AI systems can also have predictive value through machine learning and identifying high-risk areas and events. It can devise an accounting fraud prediction model that more accurately calculates the probability of future material misstatements in financial statements and to improve the quality of audits.
Using AI to examine all of the financial data and determine whether financial fraud exists provides a big advantage over previous systems. It affords a higher level of assurance and reduces the risk of fraud.
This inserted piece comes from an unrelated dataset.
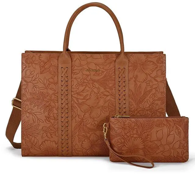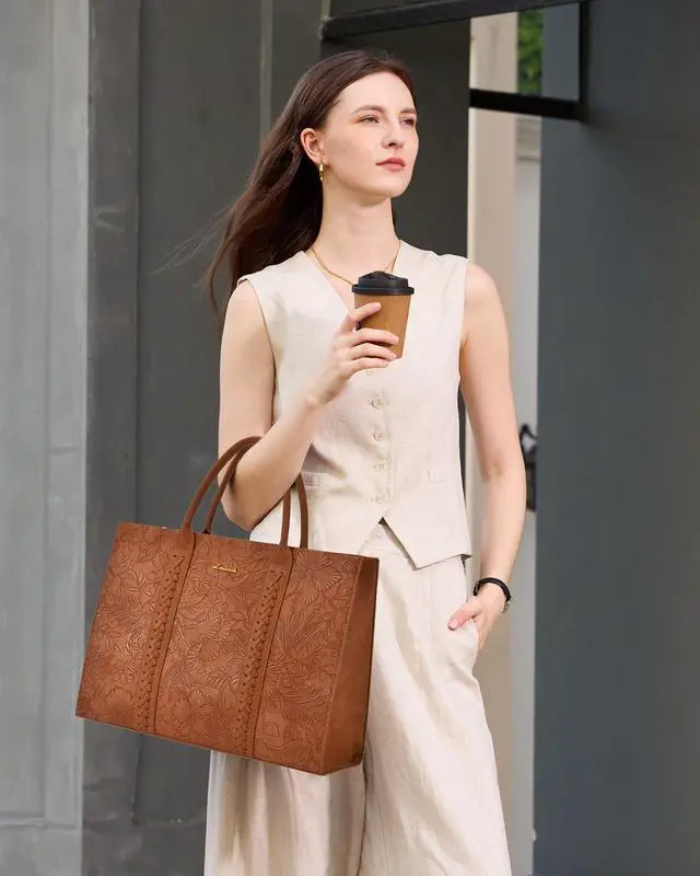 Perfect Size Laptop Bag: Measuring 16.3" x 6" x 12", this multi-pocket leather tote bag boasts ample space with a thick padded laptop compartment (For 13"/14"/15"/ 15.6" laptops), tablet slot, and various pockets for great organization, ensuring a secure and organized commute, daily use or business trip. Designed for the professional modern woman, the leather laptop bag for women marries elegance with functionality. ^^

Corporate governance is essential to develop and enforce policies, procedures and standards in AI systems. Chief ethics and compliance officers have an important role to play, including identifying ethical risks, managing those risks and ensuring compliance with standards.
Governance structures and processes should be implemented to manage and monitor the organization’s AI activities. The goal is to promote transparency and accountability while ensuring compliance with regulations and that ethical standards are met.
A research study by Genesys found that more than one-half of those surveyed say their companies do not currently have a written policy on the ethical use of AI, although 21 percent expressed a definite concern that their companies could use AI in an ethical manner. The survey included 1,103 employers and 4,207 employees regarding the current and future effects of AI on their workplaces. The 5,310 participants were drawn from six countries: the U.S., Germany, the U.K., Japan, Australia and New Zealand. Additional results include:
- 28 percent of employers are apprehensive their companies could face future liability for an unforeseen use of AI.
- 23 percent say there is currently a written corporate policy on the ethical use of AI.
- 40 percent of employers without a written AI ethics policy believe their companies should have one.
- 54 percent of employees believe their companies should have one.
The ethical use of AI should be addressed by all organizations to build trust into the system and satisfy the needs of stakeholders for accurate and reliable information. A better understanding of machine learning would go a long way to achieve this result.
Professional judgment is still necessary in AI to decide on the value of the information produced by the system and its uses in looking for material misstatements and financial fraud. In this regard, the acronym GIGO (“garbage in, garbage out”) may be appropriate. Unless the data is reliably provided and processed, AI will produce results that are inaccurate, incomplete or incoherent, and machine learning would be compromised with respect to ethical AI.